A professor from Old Dominion University has received more than $2 million from the National Institutes of Health to improve how doctors detect and treat glioblastoma — the most aggressive and deadly form of brain tumor.
Khan Iftekharuddin, who teaches in ODU’s department of electrical and computer engineering, is leading the multi-year project. His team is developing artificial intelligence models to detect glioblastoma recurrence and identify highly aggressive tumor subtypes without the need for invasive biopsies.
“Out of hundreds of MRI images collected for each patient, only a few slices actually show signs of the tumor,” Iftekharuddin said. “We looked at how we can process this data, develop computational models to automatically analyze these images, remove the ones that do not need to be looked over, and then suggest the ones that clinicians should review.”
Glioblastoma typically grows rapidly and often returns even after surgery or chemotherapy. Iftekharuddin said patients usually survive less than two years after diagnosis.
Data from the American Brain Tumor Association shows glioblastoma accounts for roughly 14 % of all primary brain tumors in the U.S., and more than 12,000 cases are diagnosed each year nationwide.
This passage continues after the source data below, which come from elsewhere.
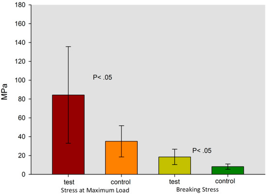 The graph shows the values of the two groups at Breaking Stress and at Maximum Load Stress.
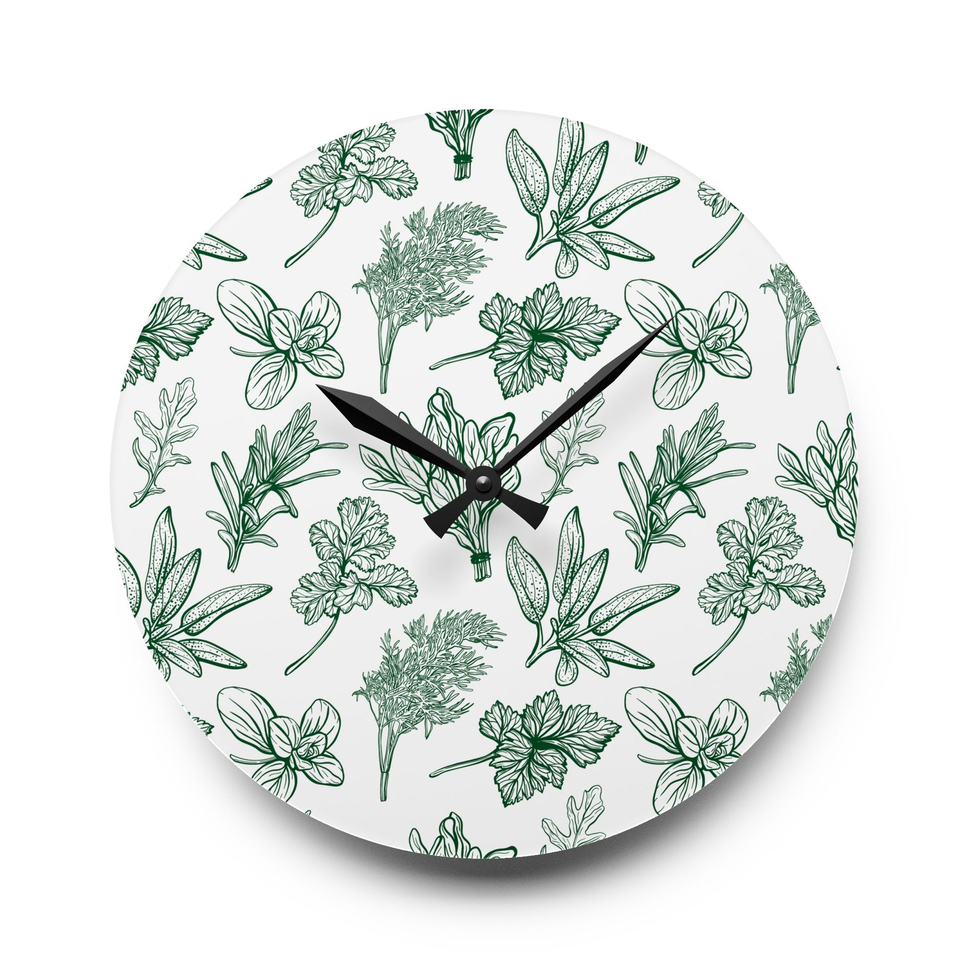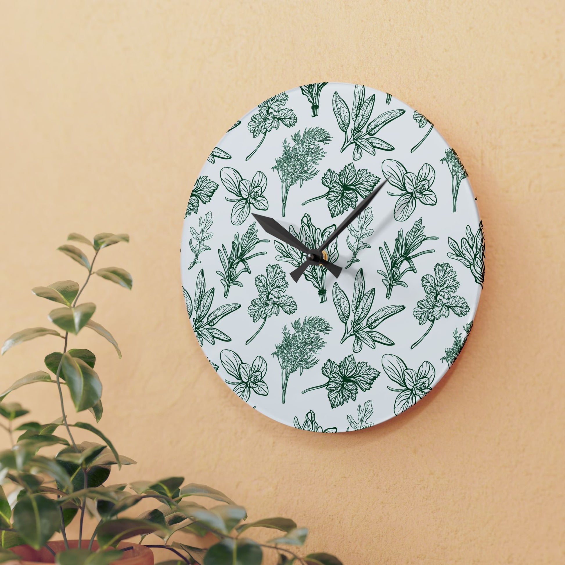 Herb Garden Design Acrylic Clock Unique Colorful Wall Clock for Kitchen or Living Room Nature Lover Field of Flowers Gardener Gift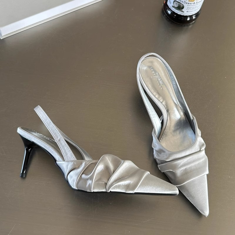 2025 년 봄과 여름 새로운 주름 작은 뾰족한 하이힐 얕은 최고 여성 실버 이브닝 슈즈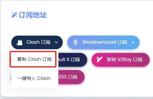 对于非Vless订阅,直接在机场后台复制Clash(R)订阅地址。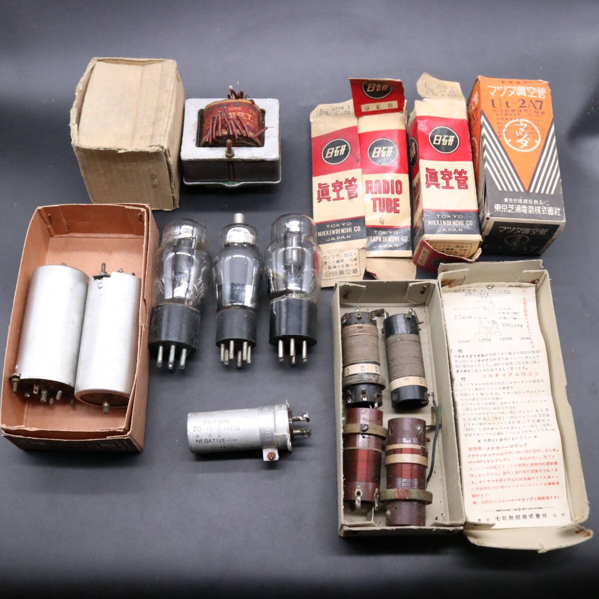 A1231 当時物 真空管ラジオ 部品 パーツ まとめて マツダ真空管 コイル トランス 暁電波製作所 コンデンサー 昭和レトロ 画像参照 現状品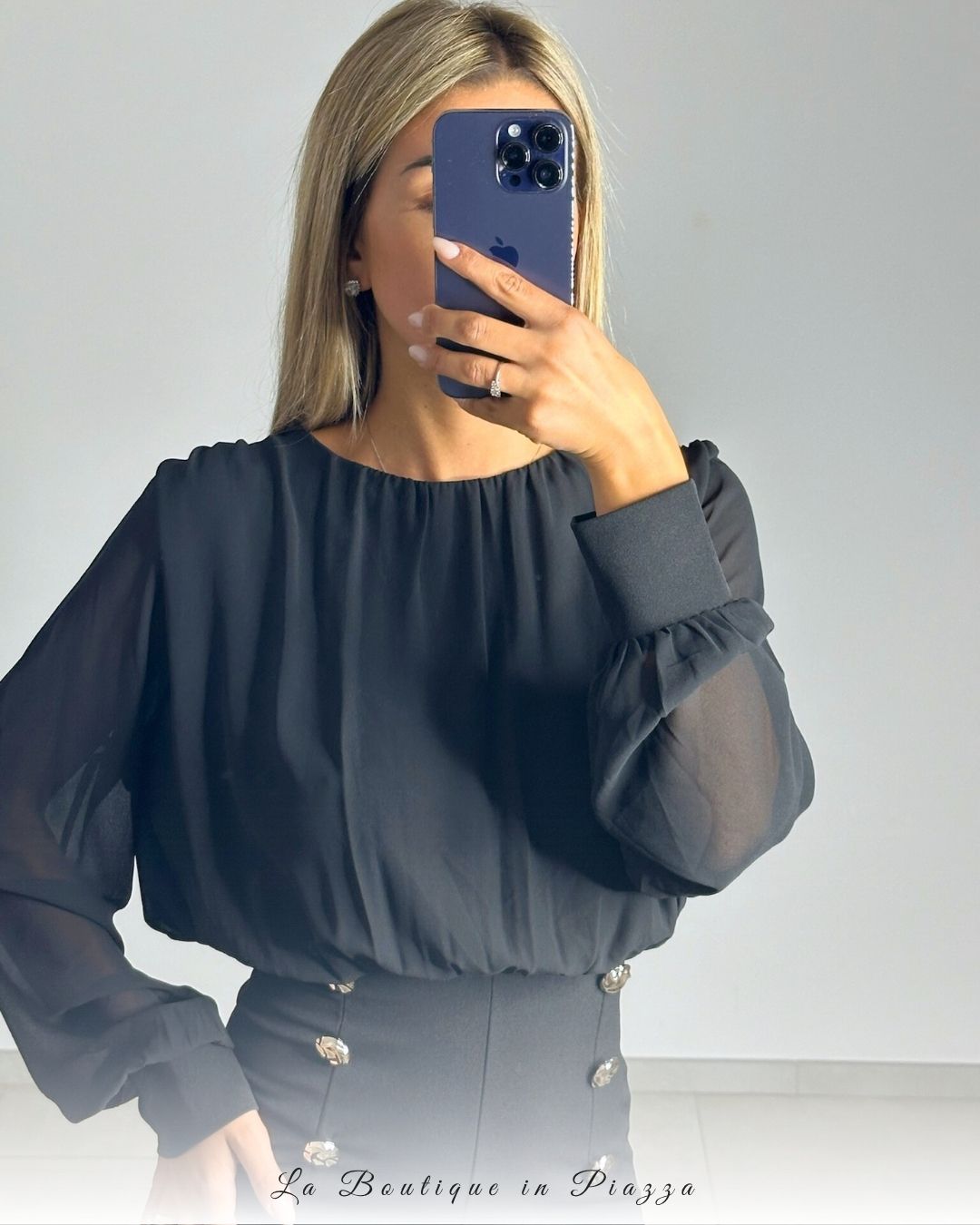 Parte superiore in chiffon con maniche a sbuffo e parte inferiore a zampa. Bottoni dorati doppiopetto per un look regale.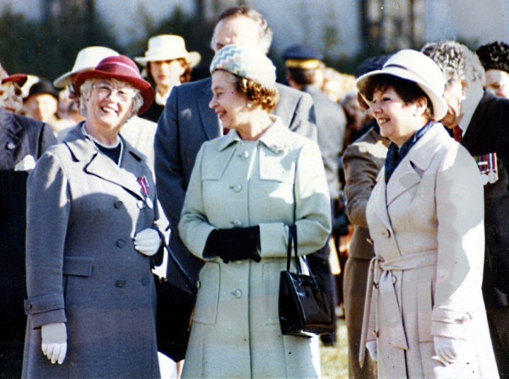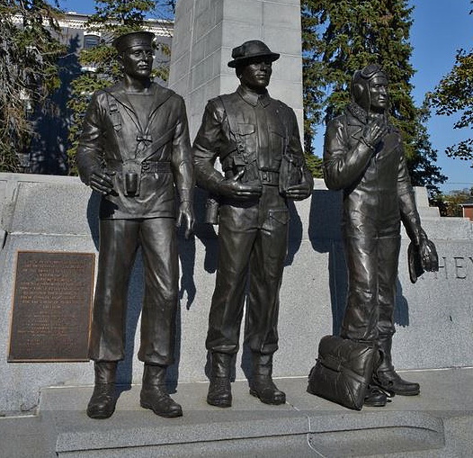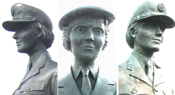 The Tri-Service Memorial, on Memorial Boulevard in Winnipeg, honors the women who served in Canada’s army, navy and air force during both World Wars. The design of the monument came from Beryl Isabel Simpson, then-president of the Women’s Tri-Service Veterans Association, but the actual sculpting was done by Helen Granger Young. The monument was unveiled in July 1976 but Queen Elizabeth’s schedule did not allow her to attend. The monument was re-dedicated during the Queen’s 1984 tour of Canada; she herself had served as a mechanic and military truck driver during World War II.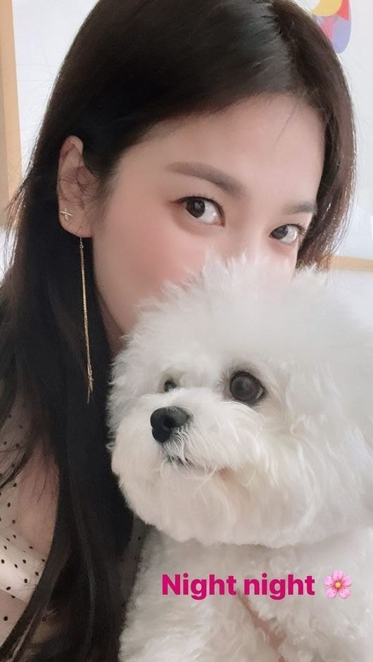 배우 송혜교가 반려견과 행복한 일상을 공개했습니다. 송혜교 인스타그램에는 Night Night 라고 적고 송혜교가 반려견을 안고 뒤에서 개구지게 올려보는 얼굴이 담긴 사진이 올라왔는데요. 투명한 피부로 보나 여전한 동안미모로 보나 41세로는 보이지 않는 비주얼을 선보이고 있네요.

In Virginia, data for brain and central nervous system cancers, which include glioblastoma, reveal an age-adjusted incidence of about 6.2 new cases per 100,000 people from 2010-2014.
Collaborating with hospitals nationwide by combining MRI scans and clinical data, Iftekharuddin’s team hopes to give doctors a faster, more precise way to identify when a tumor is coming back and how aggressive it might be.
That could help doctors tailor surgery or chemotherapy plans more precisely — leading to more personalized care and better quality of life for patients facing aggressive brain cancers.
“The current focus is really assisting physicians to come up with better patient management,” Iftekharuddin said. “If clinicians know from this analysis that a patient may have a more aggressive form of the tumor, then they can adjust their treatment plan accordingly.”
The $2 million funding will be used to expand data collection across multiple hospitals, support graduate students and postdoctoral researchers and further develop AI algorithms capable of analyzing complex medical images and clinical information.
Iftekharuddin’s team also wants to build a robust database that can be shared among research institutions for future studies.
The grant builds on Iftekharuddin’s 2016 award from the National Institute of Biomedical Imaging and Bioengineering. That research focused on developing more accurate methods to model, analyze and segment brain tumors in order to track their growth, classify tumor types and predict patient survival rates.